I have some code that does the same thing to several files in a python 3 application and so seems like a great candidate for multiprocessing. I'm trying to use Pool to assign work to some number of processes. I'd like the code to continue do other things (mainly displaying things for the user) while these calculations are going on, so i'd like to use the map_async function of the multiprocessing.Pool class for this. I would expect that after calling this, the code will continue and the result will be handled by the callback I've specified, but this doesn't seem to be happening. The following code shows three ways I've tried calling map_async and the results I've seen:
import multiprocessing
NUM_PROCS = 4
def func(arg_list):
arg1 = arg_list[0]
arg2 = arg_list[1]
print('start func')
print ('arg1 = {0}'.format(arg1))
print ('arg2 = {0}'.format(arg2))
time.sleep(1)
result1 = arg1 * arg2
print('end func')
return result1
def callback(result):
print('result is {0}'.format(result))
def error_handler(error1):
print('error in call\n {0}'.format(error1))
def async1(arg_list1):
# This is how my understanding of map_async suggests i should
# call it. When I execute this, the target function func() is not called
with multiprocessing.Pool(NUM_PROCS) as p1:
r1 = p1.map_async(func,
arg_list1,
callback=callback,
error_callback=error_handler)
def async2(arg_list1):
with multiprocessing.Pool(NUM_PROCS) as p1:
# If I call the wait function on the result for a small
# amount of time, then the target function func() is called
# and executes sucessfully in 2 processes, but the callback
# function is never called so the results are not processed
r1 = p1.map_async(func,
arg_list1,
callback=callback,
error_callback=error_handler)
r1.wait(0.1)
def async3(arg_list1):
# if I explicitly call join on the pool, then the target function func()

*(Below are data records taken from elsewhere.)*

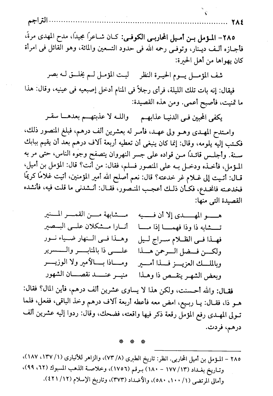 المؤمل بن أميل: المحاربي الكوفي. كان شاعراً مجيداً. مدح المهدي مرةً فأجازه ألف دينار، وتوفي رحمه الله في حدود التسعين والمائة. وهو القائل في امرأة كان يهواها من أهل الحيرة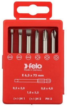 - Felo Набор из 6 бит SL/H (+/-) Industrial 73 мм в кейсе размерами SL 0,5x3,0 / 0,8x4,0 / 5,5x1,0; H 1 / H 2 и PH2.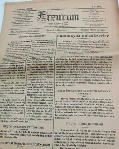 çıktığı yer : erzurum gazete adı : erzurum yayın süresi: ------- sahibi: ------- sayı : 3491 yıl :1936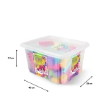Die transparente Kunststoffbox mit Schnappdeckel hält die Bausteine beisammen, erleichtert das Aufräumen und sorgt für Überblick über den Inhalt.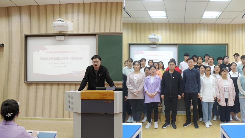 4月30日,数学与统计学院在507教室举行“百年党史中的伟大精神—五四精神”主题学习交流会,党委副书记洪亮与50余名青年党员、团员代表共同参与学习交流活动。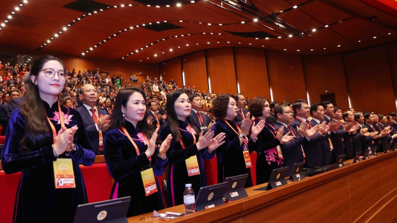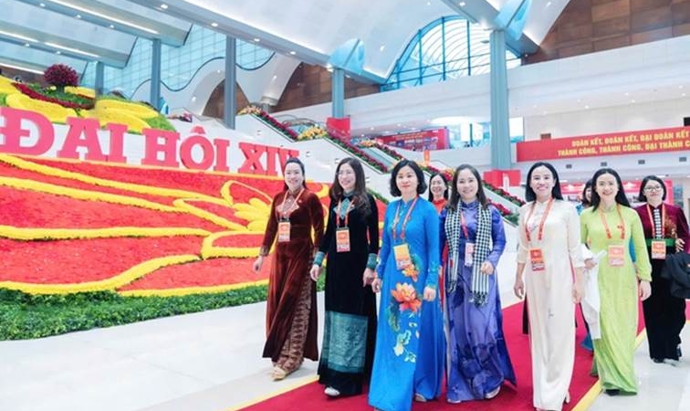Các đại biểu nữ tại phiên khai mạc đại hội.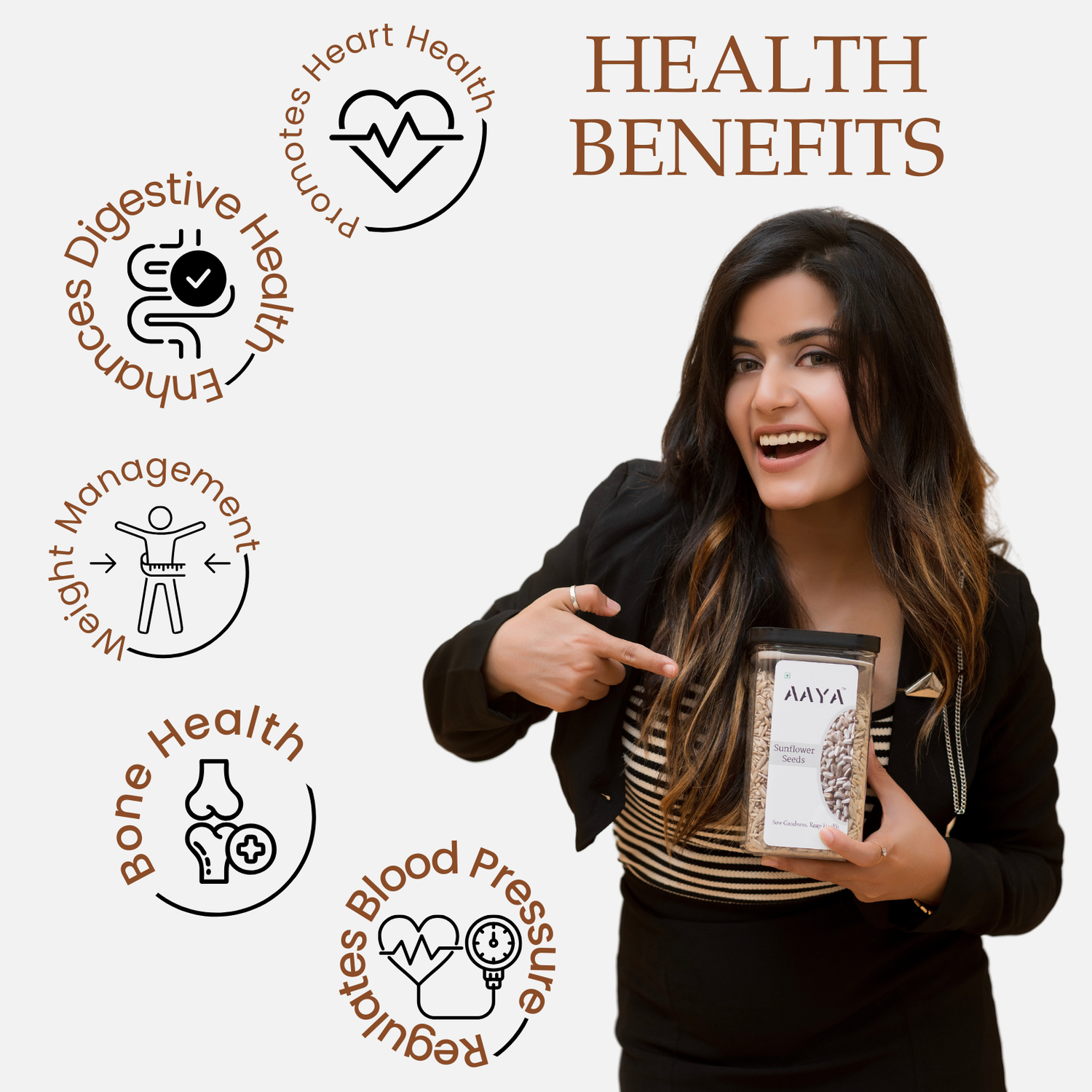 Aids Weight Management: Packed with protein and healthy fats, sunflower seeds promote satiety, helping control appetite and support healthy weight loss.

# successfully executes in 2 processes and the callback function is also
# called, but by calling join the processing is not asynchronous any more
# as join blocks the main process until the other processes are finished.
with multiprocessing.Pool(NUM_PROCS) as p1:
r1 = p1.map_async(func,
arg_list1,
callback=callback,
error_callback=error_handler)
p1.close()
p1.join()
def main():
arg_list1 = [(5, 3), (7, 4), (-8, 10), (4, 12)]
async3(arg_list1)
print('pool executed successfully')
if __name__ == '__main__':
main()
When async1, async2 or async3 is called in main, the results are described in the comments for each function. Could any one explain why the different calls are behaving the way they are? Ultimately I'd like to call map_async as done in async1, so i can do something in else the main process while the worker processes are busy. I have tested this code with python 2.7 and 3.6, on an older RH6 linux box and a newer ubuntu VM, with the same results.